### [THE TASK]
Only the lines of the listing below that run from the line with "若合约价格P大于200美元/" through the line with "Aparatul de masaj" are to be set down, word for word. Pictures stay out.

### [DATASET CONTENT]
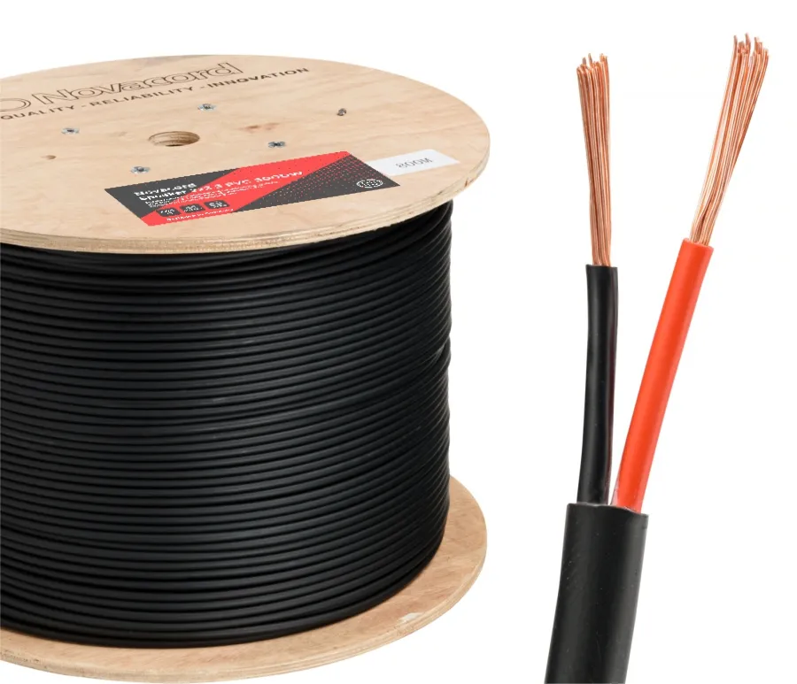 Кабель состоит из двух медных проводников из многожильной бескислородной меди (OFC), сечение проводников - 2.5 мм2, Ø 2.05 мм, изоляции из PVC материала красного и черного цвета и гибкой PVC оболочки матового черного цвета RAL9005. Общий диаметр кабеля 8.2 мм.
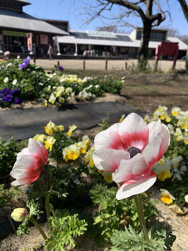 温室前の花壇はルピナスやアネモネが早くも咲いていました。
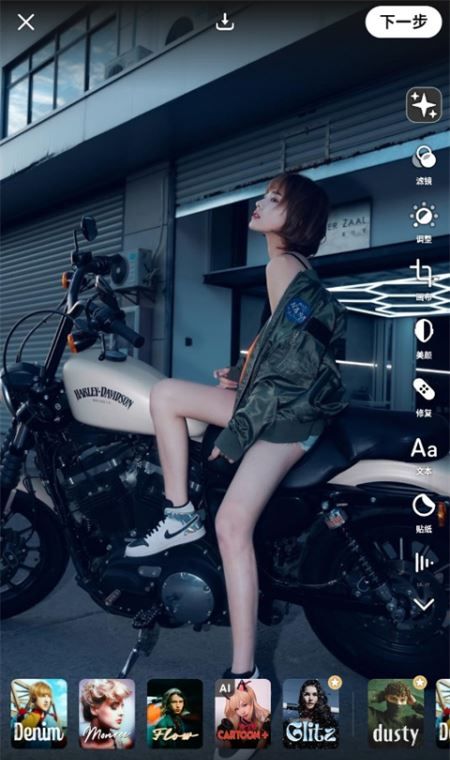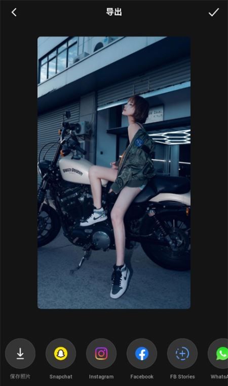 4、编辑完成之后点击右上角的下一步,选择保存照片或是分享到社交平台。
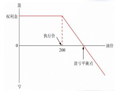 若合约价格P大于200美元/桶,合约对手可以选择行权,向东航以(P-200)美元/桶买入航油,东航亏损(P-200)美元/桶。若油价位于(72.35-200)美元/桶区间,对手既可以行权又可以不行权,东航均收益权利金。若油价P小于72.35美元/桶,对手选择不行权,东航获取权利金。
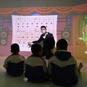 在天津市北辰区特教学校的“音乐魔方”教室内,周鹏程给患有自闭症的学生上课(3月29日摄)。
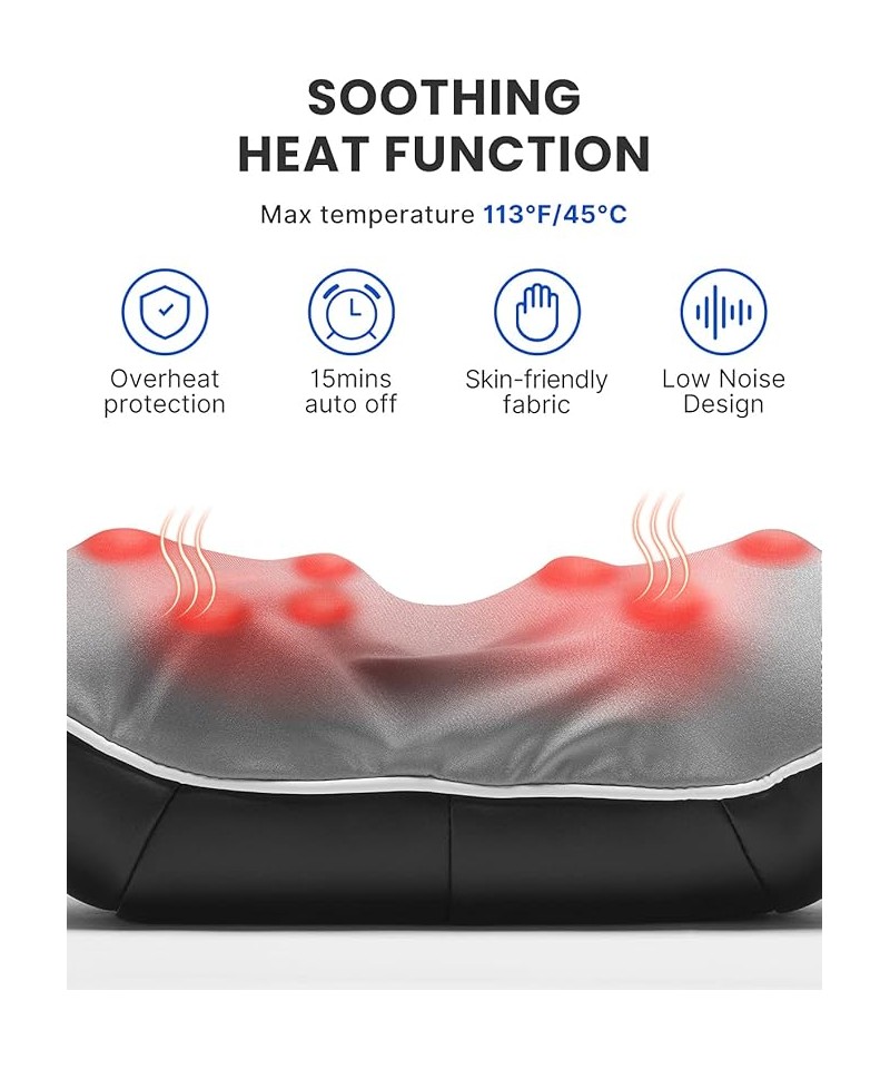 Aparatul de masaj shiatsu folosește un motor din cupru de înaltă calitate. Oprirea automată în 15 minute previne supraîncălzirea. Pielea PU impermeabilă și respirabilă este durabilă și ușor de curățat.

...

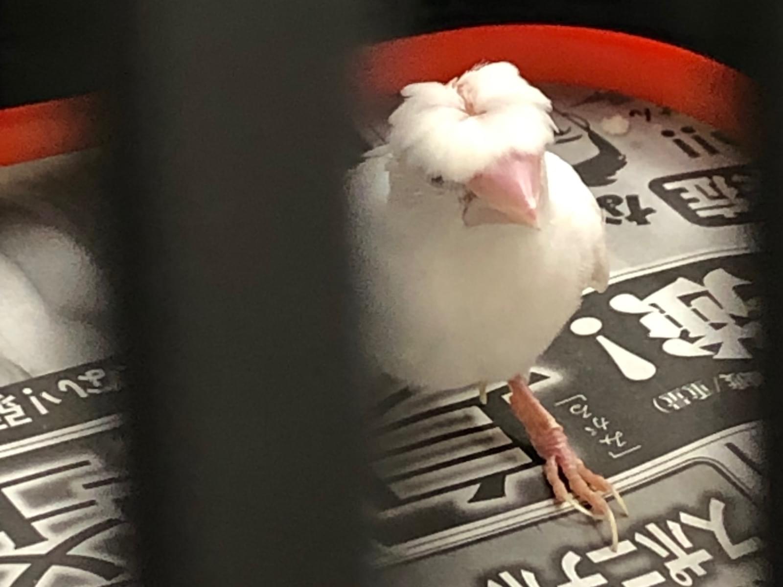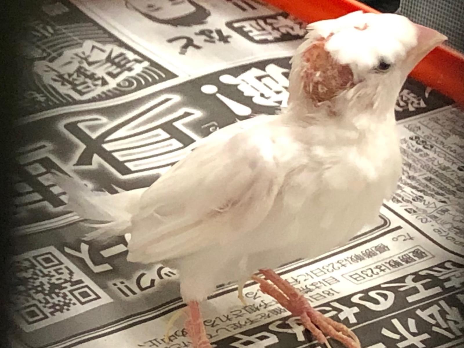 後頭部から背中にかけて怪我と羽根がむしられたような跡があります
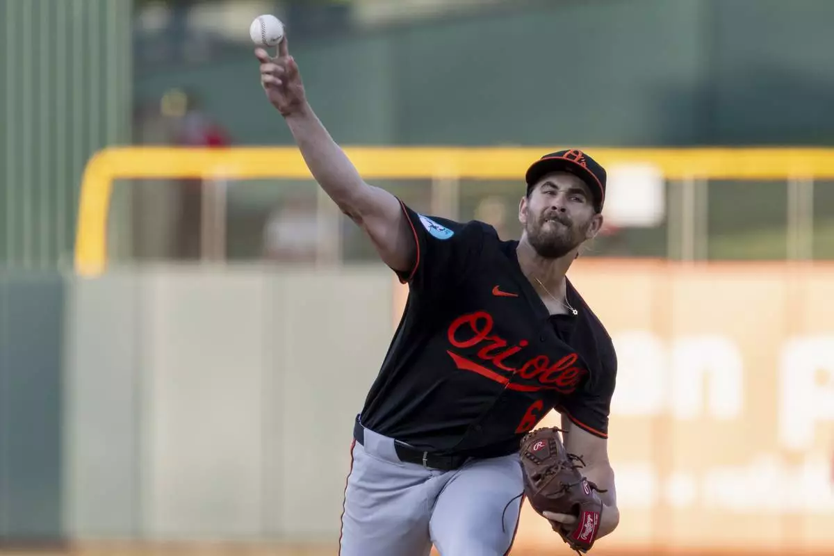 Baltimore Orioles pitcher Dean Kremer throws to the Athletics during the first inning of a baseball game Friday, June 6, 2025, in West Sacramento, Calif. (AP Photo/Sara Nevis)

### [TASK RESPONSE]
 若合约价格P大于200美元/桶,合约对手可以选择行权,向东航以(P-200)美元/桶买入航油,东航亏损(P-200)美元/桶。若油价位于(72.35-200)美元/桶区间,对手既可以行权又可以不行权,东航均收益权利金。若油价P小于72.35美元/桶,对手选择不行权,东航获取权利金。
 在天津市北辰区特教学校的“音乐魔方”教室内,周鹏程给患有自闭症的学生上课(3月29日摄)。
 Aparatul de masaj shiatsu folosește un motor din cupru de înaltă calitate. Oprirea automată în 15 minute previne supraîncălzirea. Pielea PU impermeabilă și respirabilă este durabilă și ușor de curățat.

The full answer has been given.